Shine light on human heart cells cultured on graphene and they beat faster. Shine light on zebrafish embryos with graphene flakes injected in their hearts, and the contraction of that organ speeds up.
That’s what scientists at the University of California San Diego reported today in the journal Science Advances, in a discovery they say has implications for everything from drug testing to pacemakers.
“Sometimes discoveries happen due to serendipity,” says Alex Savchenko, a biophysics researcher at the university, who led the discovery with Elena Molokanova at the San Diego-based startup Nanotools Bioscience. “In this case we were controlling what we wanted to achieve all the way through the experiment.”
Graphene, the wonder material composed of single atom-thick sheets of carbon, has been a focus of excitement and feverish development ever since some of its properties were first demonstrated, in 2004, by Andre Geim and Konstantin Novoselov, both now at the University of Manchester.
After honing the graphene formulation and trying out different types of light, Savchenko’s team managed to do what they set out to do: They built a gentle remote control for cell growth. Call it an opto-graphene stimulator.
“I was looking at the microscope’s computer screen and I’m turning the knob for light intensity and I see the cells start beating faster,” says Savchenko. “I showed that to our grad students and they were yelling and jumping and asking if they could turn the knob. We had never seen this possibility of controlling cell contraction.”
The discovery has these scientists dreaming of applying the device to a wide range of tools and therapies: Better stem cells, better drug screening, light-controlled pacemakers, devices that selectively destroy cancer cells based on their electrical potential, and pain killers that only work on people who are actually in pain.
That's quite a list—one that echoes the excitement over graphene generally. But all of these applications stem from the idea that culturing cells in a regular old plastic or glass Petri dish doesn’t mimic their natural environment very well—a challenge around which many groups are trying to innovate.
The heart, for example, runs on electricity. Every time it beats, a jolt of self-generated electricity runs through it. So if a researcher is testing a drug on heart cells, those cells should be getting jolts of electricity, just like they do in the body, says Savchenko. Testing a drug on those kinds of cells would give a more accurate indication of how a drug might actually behave in vivo, he says.
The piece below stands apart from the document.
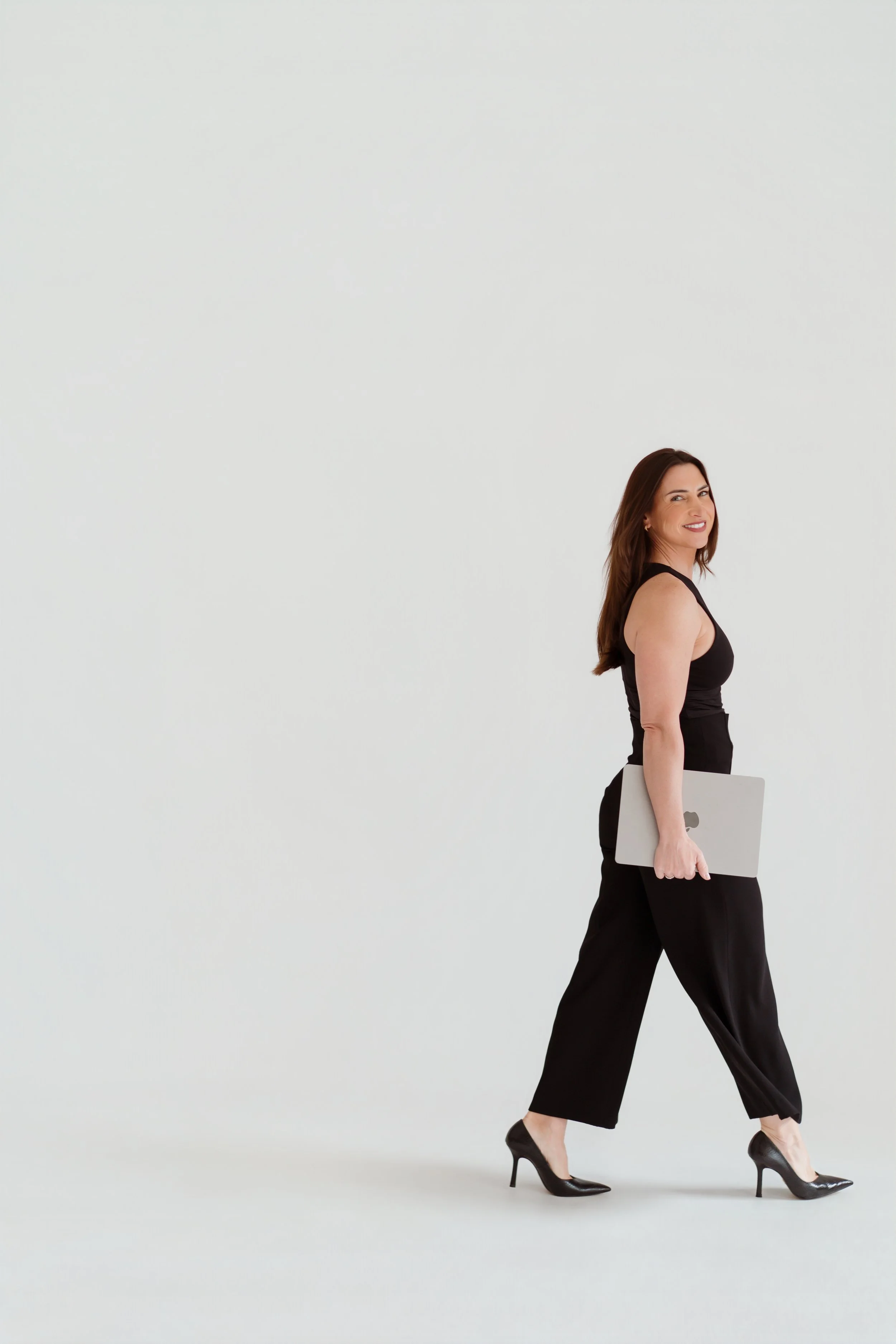 The studio shots leaned into the editorial brief. Tash wore all black throughout, tailored, sharp and effortlessly elevated and we used intentional motion blur to capture her in movement. These are the kind of images that stop the scroll. They work beautifully for website headers, social media and PR.

Or take pain for example. Scientists could emulate pain in the lab by stimulating neural cells in a particular way. That could allow them to test and develop an anti-pain drug that would respond specifically, or perhaps only, to cells in that condition. Such a drug would work only on people in pain, and not on people taking it recreationally—a smarter version of an opioid.
Another possibility is to use the graphene-based tool to selectively destroy cancer cells, while leaving nearby healthy cells unharmed. The electrical resting potential of cancer cells in many cases is lower than healthy cells. So it takes less stimulation to get the voltage-gated ion channels of the cell’s membrane to open up and let in positively charged ions. Graphene bits could be sent to a cancer site and turned on with light, delivering stimulation at a level that only affects nearby cancer cells. If their ion channels are held open long enough, the huge increase of ions in the cancerous cell will kill it.
Then there’s the potential for a graphene-based pacemaker that runs on light. Typical pacemakers are composed of gold and titanium, and after just a few years in the body, scar tissue can grow over the device and reduce the conductivity between it and heart tissue. A graphene pacemaker would be more biocompatible, reducing replacement surgeries, Savchenko says, and could run on an implanted light.
Savchenko’s team says their technique has an advantage over one of biotech’s hottest tools: optogenetics. In that technique, light is used to turn neural cells on or off. The catch: the cells have to be genetically engineered first to make them light-responsive. So the cells must be changed first before the investigator can control their behavior, and that might confound study results, the authors wrote in their paper.
Opto-graphene stimulation also has one up on traditional electrical stimulation. That decades-old technique delivers electrical pulses via electrodes, but can cause cell damage or death from high voltage pulses, Savchenko says. “It’s not natural. You’re burning the cells and they’re not feeling well afterward,” he says. “With graphene and light you can control extremely carefully the amount of electricity delivered.”
How exactly graphene converts light into electricity is still unclear. Savchenko has a theory, which he plans to present in an upcoming paper.
Editor’s note: This story was updated on 19 May to correct details about the release of Savchenko’s next paper.